安すぎる罰金・高すぎる罰金

 罰金の額は刑法15条によって、1万円以上と規定されている。

(罰金)
第15条 罰金は、一万円以上とする。ただし、これを減軽する場合においては、一万円未満に下げることができる。

 しかし、金銭感覚は人によって様々で、1万円を高いと感じる人もいれば反対に安いと感じる人もいる。その金銭感覚はその人の収入、財産、家庭など様々な要因によって揺れ動くものであるが、刑法や迷惑防止条例が定める罰金は、被害の大きさ、被告人の態様、再犯の有無などで罰金の額が変動することがあっても、その人の経済状況や金銭感覚によっては変動しない。

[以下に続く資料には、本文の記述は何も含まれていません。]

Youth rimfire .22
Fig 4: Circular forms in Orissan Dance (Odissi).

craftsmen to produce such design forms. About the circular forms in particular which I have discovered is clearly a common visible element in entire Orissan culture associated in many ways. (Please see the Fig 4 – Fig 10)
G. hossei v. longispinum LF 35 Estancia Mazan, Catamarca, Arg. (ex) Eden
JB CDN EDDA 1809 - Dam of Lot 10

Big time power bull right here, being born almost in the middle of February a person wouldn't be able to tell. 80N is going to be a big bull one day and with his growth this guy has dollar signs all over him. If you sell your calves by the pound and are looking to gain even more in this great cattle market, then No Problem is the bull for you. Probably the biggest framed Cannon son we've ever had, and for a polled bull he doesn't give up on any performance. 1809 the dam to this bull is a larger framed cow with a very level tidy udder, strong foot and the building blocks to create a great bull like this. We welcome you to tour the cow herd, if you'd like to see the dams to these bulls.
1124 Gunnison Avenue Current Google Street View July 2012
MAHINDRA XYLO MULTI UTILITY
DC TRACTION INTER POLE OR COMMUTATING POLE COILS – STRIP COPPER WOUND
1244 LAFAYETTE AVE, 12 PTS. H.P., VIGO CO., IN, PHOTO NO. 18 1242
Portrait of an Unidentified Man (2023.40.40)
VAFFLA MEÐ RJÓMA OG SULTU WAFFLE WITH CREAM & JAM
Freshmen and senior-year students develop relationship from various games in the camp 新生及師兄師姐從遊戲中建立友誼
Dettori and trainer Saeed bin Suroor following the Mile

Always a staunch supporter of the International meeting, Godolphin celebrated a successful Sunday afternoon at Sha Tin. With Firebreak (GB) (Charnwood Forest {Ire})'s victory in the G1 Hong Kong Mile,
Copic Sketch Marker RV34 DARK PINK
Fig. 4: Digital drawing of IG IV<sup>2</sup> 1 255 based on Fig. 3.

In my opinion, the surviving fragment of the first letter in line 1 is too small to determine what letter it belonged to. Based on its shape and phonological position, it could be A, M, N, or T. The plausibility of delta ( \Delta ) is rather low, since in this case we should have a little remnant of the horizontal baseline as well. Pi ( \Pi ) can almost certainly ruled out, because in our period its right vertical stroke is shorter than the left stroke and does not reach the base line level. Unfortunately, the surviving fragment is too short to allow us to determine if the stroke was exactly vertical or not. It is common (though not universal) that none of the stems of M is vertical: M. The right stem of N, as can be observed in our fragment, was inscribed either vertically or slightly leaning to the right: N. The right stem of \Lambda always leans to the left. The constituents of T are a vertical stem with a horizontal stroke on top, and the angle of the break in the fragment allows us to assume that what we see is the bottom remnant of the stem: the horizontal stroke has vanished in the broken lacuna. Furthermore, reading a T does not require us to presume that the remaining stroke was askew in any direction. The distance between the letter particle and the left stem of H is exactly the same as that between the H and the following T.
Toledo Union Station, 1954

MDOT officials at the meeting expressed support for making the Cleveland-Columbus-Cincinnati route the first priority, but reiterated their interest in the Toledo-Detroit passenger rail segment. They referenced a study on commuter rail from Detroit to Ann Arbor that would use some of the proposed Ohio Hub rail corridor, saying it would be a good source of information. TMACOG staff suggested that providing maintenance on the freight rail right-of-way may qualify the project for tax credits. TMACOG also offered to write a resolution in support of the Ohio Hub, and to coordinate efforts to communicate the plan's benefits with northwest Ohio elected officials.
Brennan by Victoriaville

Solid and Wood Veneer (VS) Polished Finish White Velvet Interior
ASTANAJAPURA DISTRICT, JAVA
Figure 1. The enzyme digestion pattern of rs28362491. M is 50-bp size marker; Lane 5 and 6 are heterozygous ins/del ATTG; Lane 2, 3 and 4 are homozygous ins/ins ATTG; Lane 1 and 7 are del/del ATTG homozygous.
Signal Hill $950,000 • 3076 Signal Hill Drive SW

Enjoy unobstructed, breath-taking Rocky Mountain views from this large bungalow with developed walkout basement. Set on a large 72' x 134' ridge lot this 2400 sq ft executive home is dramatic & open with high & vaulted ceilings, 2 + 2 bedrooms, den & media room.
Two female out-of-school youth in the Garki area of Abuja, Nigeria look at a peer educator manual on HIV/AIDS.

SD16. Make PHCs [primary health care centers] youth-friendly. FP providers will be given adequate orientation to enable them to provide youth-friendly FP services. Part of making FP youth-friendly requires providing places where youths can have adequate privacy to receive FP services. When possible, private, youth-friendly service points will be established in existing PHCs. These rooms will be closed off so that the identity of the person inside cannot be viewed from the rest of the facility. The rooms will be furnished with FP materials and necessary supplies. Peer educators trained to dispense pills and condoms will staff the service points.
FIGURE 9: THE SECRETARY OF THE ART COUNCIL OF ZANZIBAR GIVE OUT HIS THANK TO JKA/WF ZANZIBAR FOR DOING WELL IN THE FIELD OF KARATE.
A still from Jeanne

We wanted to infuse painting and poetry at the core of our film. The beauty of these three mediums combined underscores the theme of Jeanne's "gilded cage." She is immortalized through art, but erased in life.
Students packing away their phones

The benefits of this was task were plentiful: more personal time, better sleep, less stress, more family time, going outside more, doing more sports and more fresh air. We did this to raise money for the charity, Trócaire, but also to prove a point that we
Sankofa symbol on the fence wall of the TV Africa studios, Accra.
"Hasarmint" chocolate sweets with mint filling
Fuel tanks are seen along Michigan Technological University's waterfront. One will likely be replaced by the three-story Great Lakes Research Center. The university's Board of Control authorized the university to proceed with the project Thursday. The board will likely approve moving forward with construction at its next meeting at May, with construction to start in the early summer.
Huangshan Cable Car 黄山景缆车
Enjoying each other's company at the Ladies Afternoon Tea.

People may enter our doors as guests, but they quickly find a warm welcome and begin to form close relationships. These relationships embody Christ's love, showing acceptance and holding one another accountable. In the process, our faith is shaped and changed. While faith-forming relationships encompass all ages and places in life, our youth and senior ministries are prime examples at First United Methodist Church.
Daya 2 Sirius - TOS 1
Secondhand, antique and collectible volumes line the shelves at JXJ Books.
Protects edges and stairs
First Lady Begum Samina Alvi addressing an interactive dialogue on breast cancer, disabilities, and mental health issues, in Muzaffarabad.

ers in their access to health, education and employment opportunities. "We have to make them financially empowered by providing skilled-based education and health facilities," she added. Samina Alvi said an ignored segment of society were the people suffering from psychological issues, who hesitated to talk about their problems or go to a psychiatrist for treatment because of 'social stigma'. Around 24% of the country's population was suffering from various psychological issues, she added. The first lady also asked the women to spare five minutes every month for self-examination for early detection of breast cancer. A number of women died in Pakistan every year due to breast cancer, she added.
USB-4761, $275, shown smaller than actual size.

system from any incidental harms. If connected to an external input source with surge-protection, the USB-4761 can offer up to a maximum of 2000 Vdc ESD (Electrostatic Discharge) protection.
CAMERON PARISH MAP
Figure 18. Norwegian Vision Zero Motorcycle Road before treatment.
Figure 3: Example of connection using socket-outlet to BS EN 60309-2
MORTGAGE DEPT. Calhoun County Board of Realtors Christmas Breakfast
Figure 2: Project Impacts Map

確かに刑法は罪刑法定主義の要請を強く受けるものであるから、裁判官個人の裁量で罰金額の軽重を容易に動かすことができるのは危険かもしれない。しかし貧富の差が拡大しているこの日本において、そのような形式的平等は果たして平等と言えるのだろうか。個々人の経済力を考慮にいれた上で、罰金の額を決め実質的な平等を目指してもいいように思う。

 そもそも刑罰の目的は、自分がした実行行為を反省し、将来において犯罪抑制させる類のものであるから、罰金によってその目的が達成できない人がいることも考慮に入れるべきだと思う。